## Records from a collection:
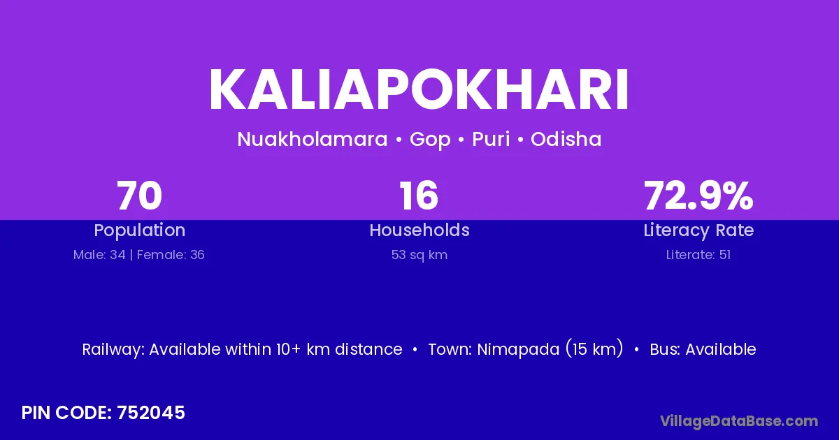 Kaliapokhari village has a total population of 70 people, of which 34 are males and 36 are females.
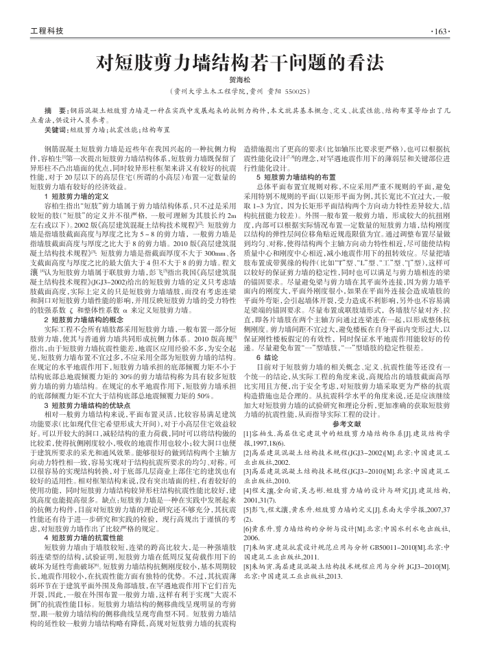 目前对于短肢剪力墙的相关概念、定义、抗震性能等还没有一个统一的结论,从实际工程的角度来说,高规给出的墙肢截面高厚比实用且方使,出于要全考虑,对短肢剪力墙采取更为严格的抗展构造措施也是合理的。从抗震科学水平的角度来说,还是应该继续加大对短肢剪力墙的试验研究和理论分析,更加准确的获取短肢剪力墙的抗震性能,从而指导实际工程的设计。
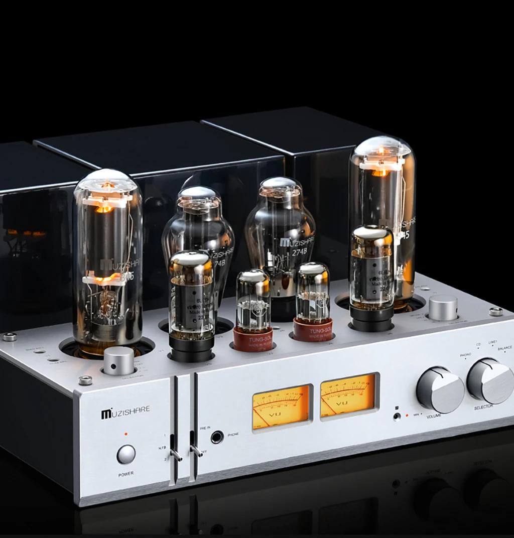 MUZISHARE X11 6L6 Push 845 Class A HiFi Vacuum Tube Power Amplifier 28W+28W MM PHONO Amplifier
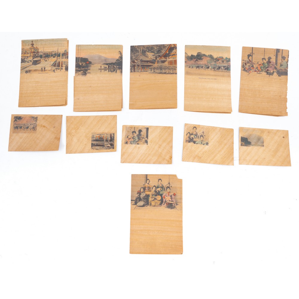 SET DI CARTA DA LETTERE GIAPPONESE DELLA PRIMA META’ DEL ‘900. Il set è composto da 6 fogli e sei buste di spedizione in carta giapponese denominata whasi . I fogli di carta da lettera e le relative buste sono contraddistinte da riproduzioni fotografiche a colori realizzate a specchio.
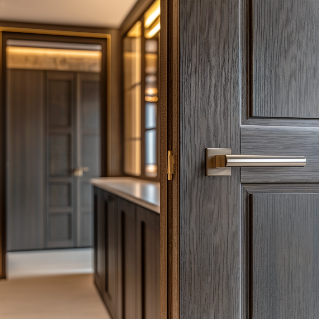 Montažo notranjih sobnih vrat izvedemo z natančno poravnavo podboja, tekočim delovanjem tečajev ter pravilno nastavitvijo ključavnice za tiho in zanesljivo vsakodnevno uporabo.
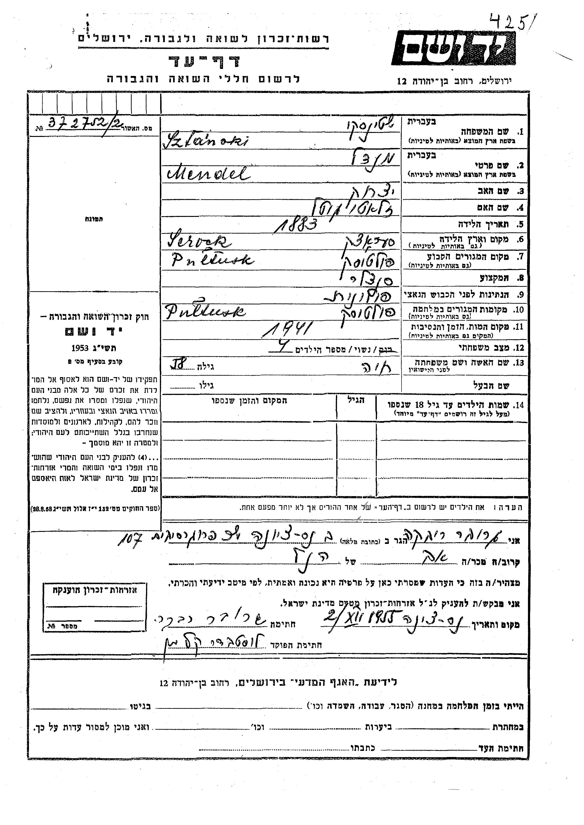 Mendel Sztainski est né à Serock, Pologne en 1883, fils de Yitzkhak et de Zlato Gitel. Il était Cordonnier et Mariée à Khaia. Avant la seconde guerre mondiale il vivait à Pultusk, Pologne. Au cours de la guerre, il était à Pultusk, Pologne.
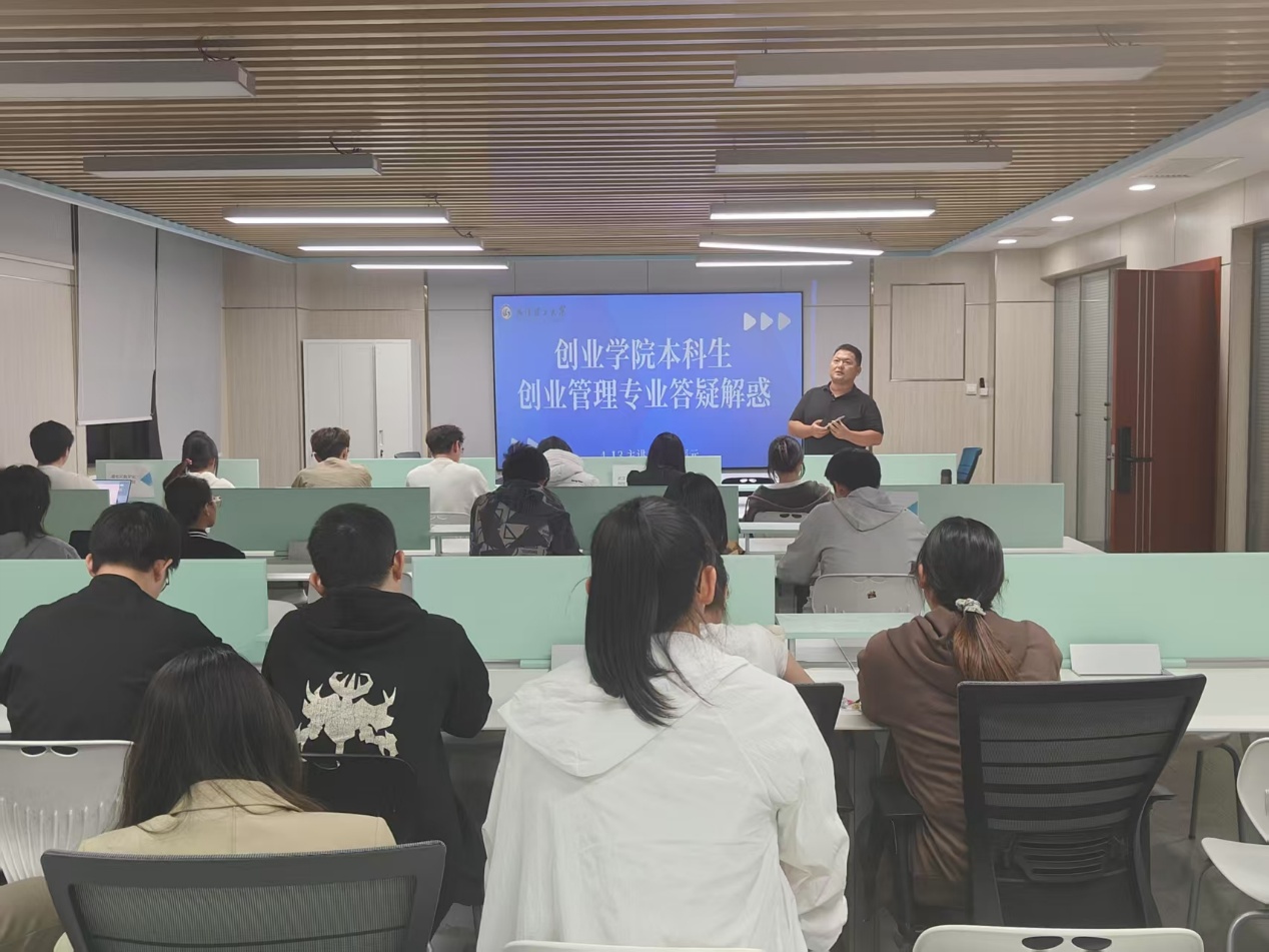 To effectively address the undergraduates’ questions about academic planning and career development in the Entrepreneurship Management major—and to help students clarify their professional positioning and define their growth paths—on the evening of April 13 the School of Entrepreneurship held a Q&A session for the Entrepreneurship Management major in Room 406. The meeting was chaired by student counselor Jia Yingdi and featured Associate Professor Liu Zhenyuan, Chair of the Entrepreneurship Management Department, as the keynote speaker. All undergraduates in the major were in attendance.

## Aim of the exercise:
What's needed is an exact copy of the records above from the line containing "目前对于短肢剪力墙的相关概念" down to the line containing "MUZISHARE X11 6L6", both included, without any pictures.

## Final answer:
 目前对于短肢剪力墙的相关概念、定义、抗震性能等还没有一个统一的结论,从实际工程的角度来说,高规给出的墙肢截面高厚比实用且方使,出于要全考虑,对短肢剪力墙采取更为严格的抗展构造措施也是合理的。从抗震科学水平的角度来说,还是应该继续加大对短肢剪力墙的试验研究和理论分析,更加准确的获取短肢剪力墙的抗震性能,从而指导实际工程的设计。
 MUZISHARE X11 6L6 Push 845 Class A HiFi Vacuum Tube Power Amplifier 28W+28W MM PHONO Amplifier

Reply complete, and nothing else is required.